Many experts and organizations have predicted future pandemics as a forgone conclusion, but pandemic is not the only outlier event health systems may face. Many countries live in the shadow of conflict, biological warfare, and threat of embargo, any of which would stress their health systems. Our planning and design processes need to be re-thought not just in terms of building connections among the elements, but of flexing accommodation of demand significantly in times of system stress.

Differentiate: Good investments, poor investments, societal investments

What will be good investments in health infrastructure in the future? Investments that enable the system elements to change role and absorb shocks are clearly desirable, but not at the cost of building for the worst case. Health care has long been susceptible to “greatest common denominator” planning: if a 600-square-foot operating room is sufficient for today, then why not plan an 800-square-foot room for tomorrow, and maybe 1,000 square feet, just in case we have new technology in the future? The challenge is to separate the possible, however likely, from the irresponsible.
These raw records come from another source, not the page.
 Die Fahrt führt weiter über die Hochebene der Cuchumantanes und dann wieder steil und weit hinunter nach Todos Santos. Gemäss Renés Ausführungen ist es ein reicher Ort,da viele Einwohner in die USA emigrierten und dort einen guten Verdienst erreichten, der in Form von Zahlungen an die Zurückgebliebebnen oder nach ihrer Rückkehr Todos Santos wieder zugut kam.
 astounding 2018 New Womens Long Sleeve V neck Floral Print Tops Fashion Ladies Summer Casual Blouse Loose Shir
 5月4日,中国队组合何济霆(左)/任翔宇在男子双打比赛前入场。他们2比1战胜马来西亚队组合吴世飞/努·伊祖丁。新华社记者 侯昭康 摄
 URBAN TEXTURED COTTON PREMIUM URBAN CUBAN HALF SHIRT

Clearly, the global health system will need to plan for increased capacity in times of crisis. While some have proposed we equip patient rooms with two headwalls in order to double capacity, this may provide inadequate isolation and prove an expensive solution for a once-in-a-decade need. A smarter solution may be, for example, to ready parking facilities or housing close to the hospital for rapid conversion in time of need. Proximity to the acute hub is the key. As the current health crisis is revealing, a shortage of medical professionals and-high tech equipment is a major concern, and close connection to the high-tech core is vital.

The bigger question we should be asking is: What is the role of any health system in a national crisis, particularly in countries like the United States where much of the infrastructure is private? Whose responsibility is it to fund our future readiness for a societal need? China was able to build a hospital in Wuhan in seven days because the country had invested in prefabricating and pre-positioning patient rooms for rapid response. The coronavirus crisis will no doubt raise more questions about government’s role and responsibilities (vs. that of the private sector) in accommodating a surge in demand.
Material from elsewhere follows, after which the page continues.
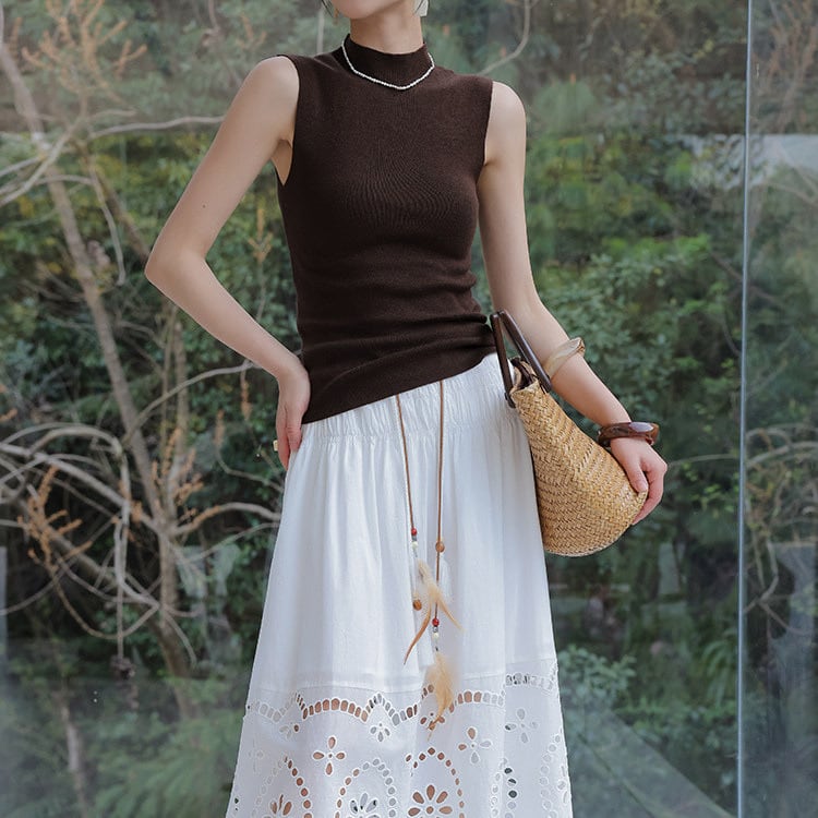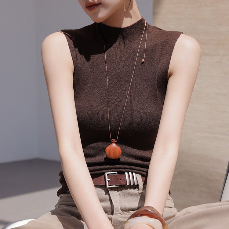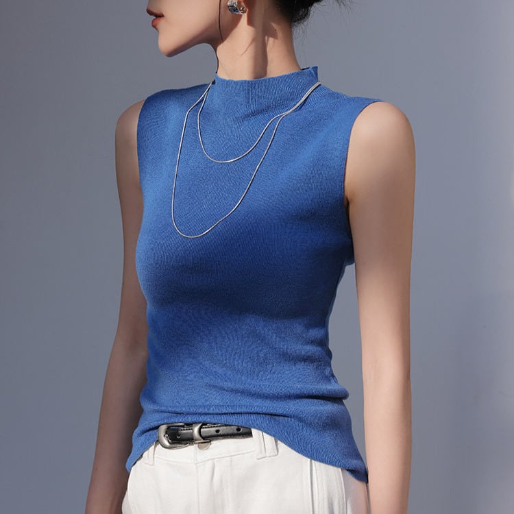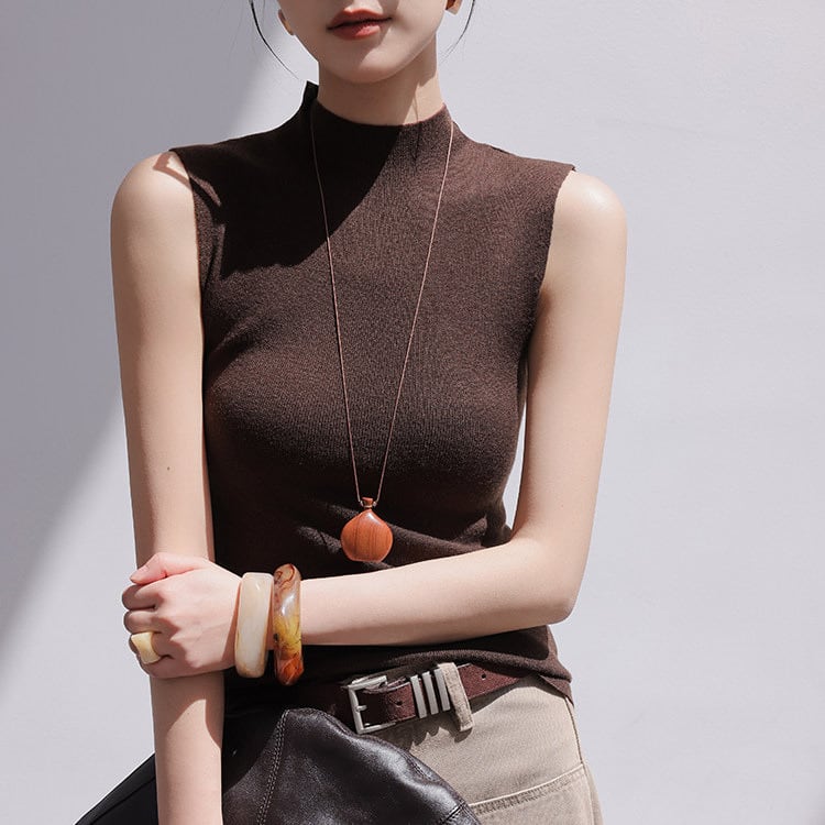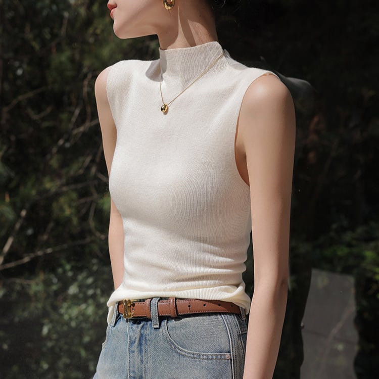 一枚でも、レイヤードでも活躍するハイネックのノースリーブニット。

Solutions for a new normal

Regardless of long-term outcomes, we can already see some changes underway that will form the foundation of the new normal. Take telemedicine. The United States has been among the slowest to adopt the practice of virtual diagnosis and consultation; not because of problems with the technology, but because of payor unwillingness to compensate providers for seeing patients virtually. Yet last week, the Centers for Medicare & Medicaid Services struck down all those restrictions in order to permit remote consultations, allowing patients to receive a wider range of services without having to travel to a healthcare facility.

With telemedicine now entering the mainstream of U.S. healthcare, with medical professionals now being permitted to work across state lines, and other legacy restrictions being lifted, we can look for an unleashing of the innovation pent-up in the health system to integrate advancements in artificial intelligence and other new capabilities in the service of better, lower-cost care.

Imagine a medical office where physical and virtual visits are interspersed throughout the workday. That office will need less space to see patients physically, and different technology to see them virtually. Offices can become smaller, or space can be redeployed for community uses, for mental health uses, or to advance a wellness agenda.

What’s next?

The future normal is already here. Widely distributed systems of care with hubs that can expand and contract, and virtual care which reaches into the home through telemedicine and wearable technologies, will revolutionize care delivery around the globe. By focusing on human need and experience we’ll transform healthcare institutions from places of illness to places of wellness, and health systems into conveners of a broad health and wellness agenda for our communities. In making this transition, we’ll soften the next shock — in whatever form it comes — because we’ll have planned the right system.